_WHAT NEEDS TO BE DONE:_
Given the entries below, would you transcribe exactly the lines starting at the one with "자칫 밋밋할 수도 있는" and ending at the one with "Салатник миска 2,7л", both kept, pictures omitted, nothing extra?

_DATA EXCERPTS:_
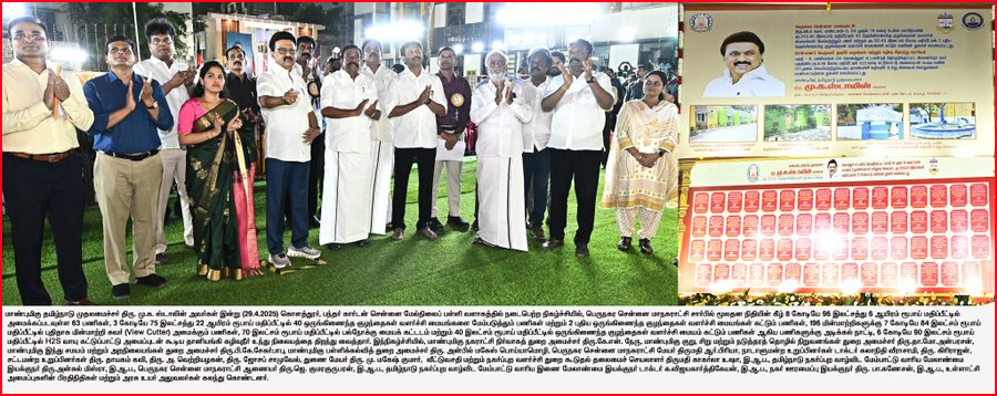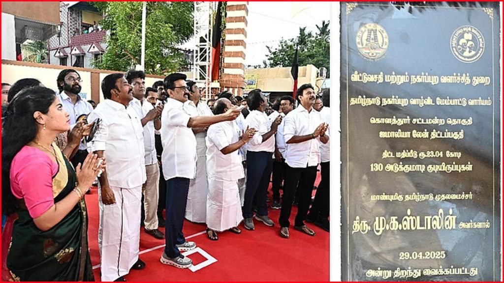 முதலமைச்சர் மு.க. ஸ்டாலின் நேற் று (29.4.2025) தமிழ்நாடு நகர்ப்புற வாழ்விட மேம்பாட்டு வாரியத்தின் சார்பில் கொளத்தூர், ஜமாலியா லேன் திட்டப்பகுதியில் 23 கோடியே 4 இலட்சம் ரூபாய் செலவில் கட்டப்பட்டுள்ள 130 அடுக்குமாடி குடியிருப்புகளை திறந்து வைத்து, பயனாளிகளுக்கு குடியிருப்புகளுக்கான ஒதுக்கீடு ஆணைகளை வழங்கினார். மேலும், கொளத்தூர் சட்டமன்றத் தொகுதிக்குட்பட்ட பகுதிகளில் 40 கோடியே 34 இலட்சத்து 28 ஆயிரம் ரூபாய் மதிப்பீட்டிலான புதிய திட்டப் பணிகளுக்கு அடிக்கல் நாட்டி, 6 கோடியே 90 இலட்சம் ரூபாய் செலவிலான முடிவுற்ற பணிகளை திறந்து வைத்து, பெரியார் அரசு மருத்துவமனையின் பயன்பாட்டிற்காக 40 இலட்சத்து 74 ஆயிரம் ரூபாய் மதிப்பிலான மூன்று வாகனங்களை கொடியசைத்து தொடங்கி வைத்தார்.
---
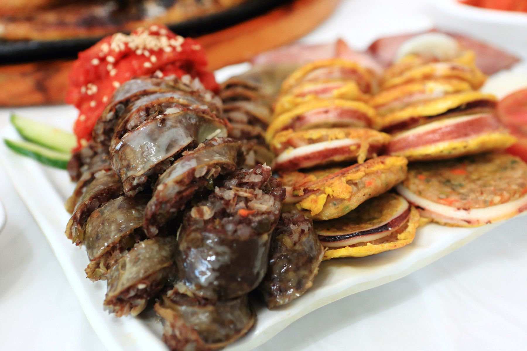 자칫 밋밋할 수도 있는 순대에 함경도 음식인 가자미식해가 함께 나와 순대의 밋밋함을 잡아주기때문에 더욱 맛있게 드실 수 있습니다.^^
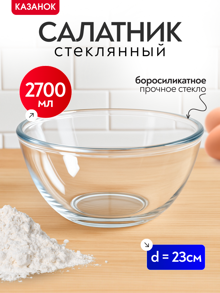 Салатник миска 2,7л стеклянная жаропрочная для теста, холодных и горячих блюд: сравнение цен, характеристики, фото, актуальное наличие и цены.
--
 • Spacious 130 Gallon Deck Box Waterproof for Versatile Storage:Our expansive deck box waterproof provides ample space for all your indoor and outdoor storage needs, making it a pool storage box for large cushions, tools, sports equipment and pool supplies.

_SOLVED EXERCISE:_
 자칫 밋밋할 수도 있는 순대에 함경도 음식인 가자미식해가 함께 나와 순대의 밋밋함을 잡아주기때문에 더욱 맛있게 드실 수 있습니다.^^
 Салатник миска 2,7л стеклянная жаропрочная для теста, холодных и горячих блюд: сравнение цен, характеристики, фото, актуальное наличие и цены.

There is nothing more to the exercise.